**TASK DIRECTIONS**
Please quote exactly the lines below from the line containing "La participation active" to the line containing "spie con allarmi.", both lines included, and nothing else.

**STUDY MATERIAL**
=====
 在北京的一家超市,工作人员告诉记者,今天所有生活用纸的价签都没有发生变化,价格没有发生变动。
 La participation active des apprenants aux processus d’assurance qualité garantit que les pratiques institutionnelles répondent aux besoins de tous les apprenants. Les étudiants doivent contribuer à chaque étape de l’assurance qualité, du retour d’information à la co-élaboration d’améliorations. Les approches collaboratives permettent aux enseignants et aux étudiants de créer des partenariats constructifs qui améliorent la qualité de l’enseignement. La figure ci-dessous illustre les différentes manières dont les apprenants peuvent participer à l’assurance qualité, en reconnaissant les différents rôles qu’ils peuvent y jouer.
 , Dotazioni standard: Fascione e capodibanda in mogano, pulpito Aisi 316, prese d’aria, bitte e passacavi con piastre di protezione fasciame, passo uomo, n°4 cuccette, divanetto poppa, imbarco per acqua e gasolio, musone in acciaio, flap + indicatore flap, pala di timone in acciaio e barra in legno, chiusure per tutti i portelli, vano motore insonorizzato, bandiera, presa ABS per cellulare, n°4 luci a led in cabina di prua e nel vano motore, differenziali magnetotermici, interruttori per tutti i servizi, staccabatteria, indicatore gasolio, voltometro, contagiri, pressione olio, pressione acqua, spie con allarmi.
=====
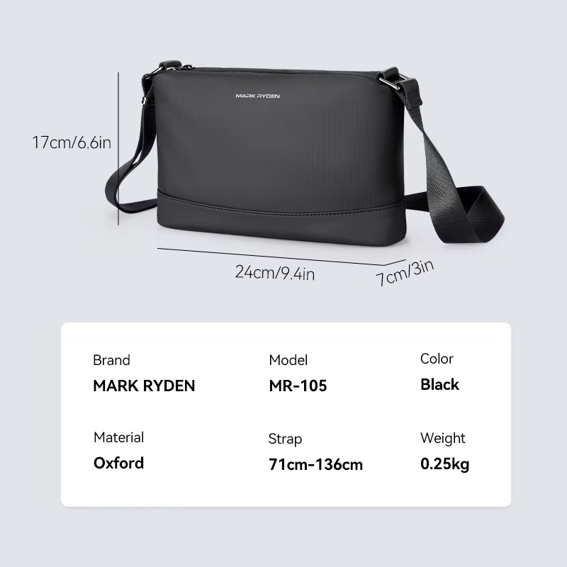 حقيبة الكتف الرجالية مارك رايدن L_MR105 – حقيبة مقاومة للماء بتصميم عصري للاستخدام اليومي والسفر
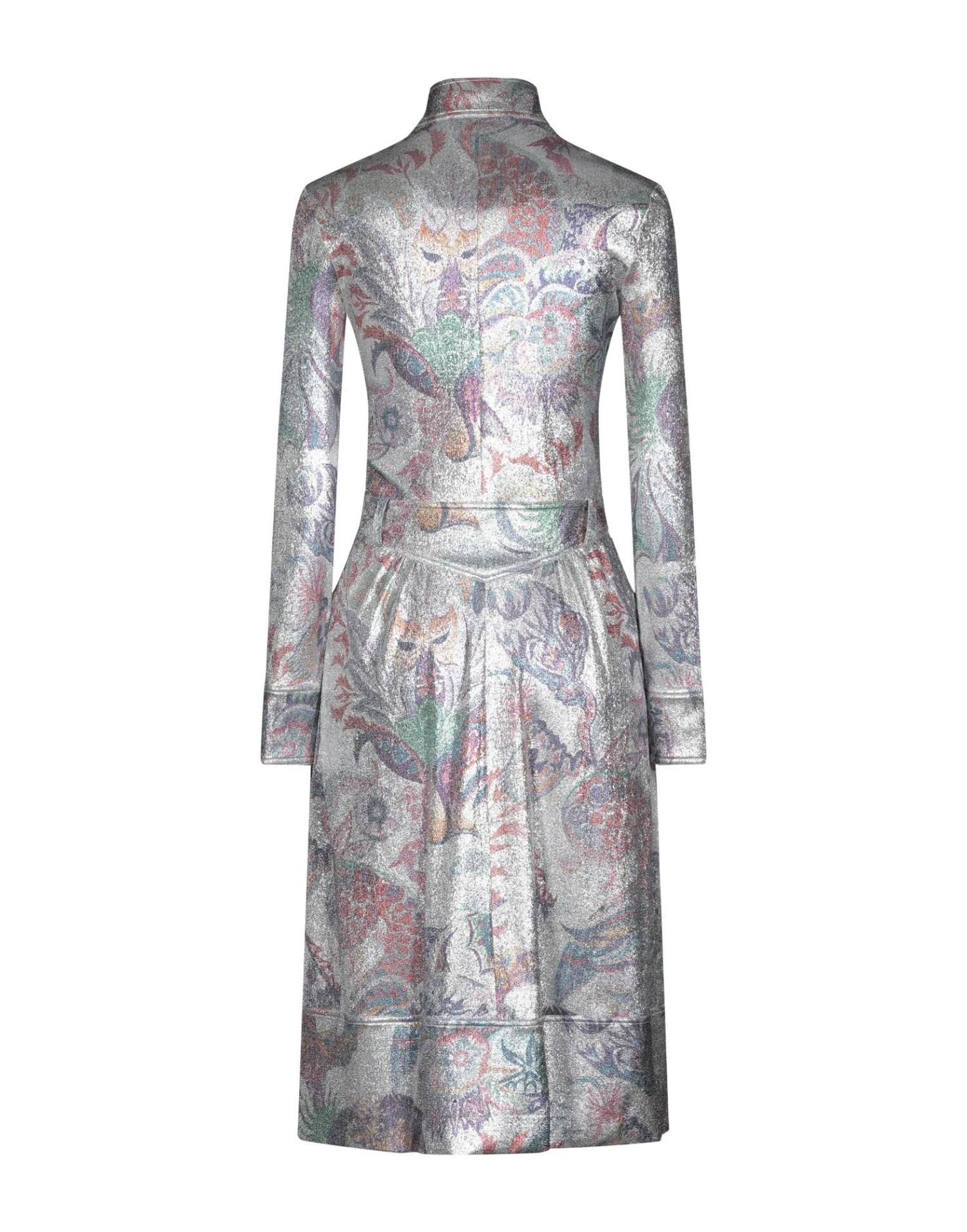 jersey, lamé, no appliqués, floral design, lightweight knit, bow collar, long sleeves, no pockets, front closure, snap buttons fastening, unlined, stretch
=====
**RESULT OF THE TASK**
 La participation active des apprenants aux processus d’assurance qualité garantit que les pratiques institutionnelles répondent aux besoins de tous les apprenants. Les étudiants doivent contribuer à chaque étape de l’assurance qualité, du retour d’information à la co-élaboration d’améliorations. Les approches collaboratives permettent aux enseignants et aux étudiants de créer des partenariats constructifs qui améliorent la qualité de l’enseignement. La figure ci-dessous illustre les différentes manières dont les apprenants peuvent participer à l’assurance qualité, en reconnaissant les différents rôles qu’ils peuvent y jouer.
 , Dotazioni standard: Fascione e capodibanda in mogano, pulpito Aisi 316, prese d’aria, bitte e passacavi con piastre di protezione fasciame, passo uomo, n°4 cuccette, divanetto poppa, imbarco per acqua e gasolio, musone in acciaio, flap + indicatore flap, pala di timone in acciaio e barra in legno, chiusure per tutti i portelli, vano motore insonorizzato, bandiera, presa ABS per cellulare, n°4 luci a led in cabina di prua e nel vano motore, differenziali magnetotermici, interruttori per tutti i servizi, staccabatteria, indicatore gasolio, voltometro, contagiri, pressione olio, pressione acqua, spie con allarmi.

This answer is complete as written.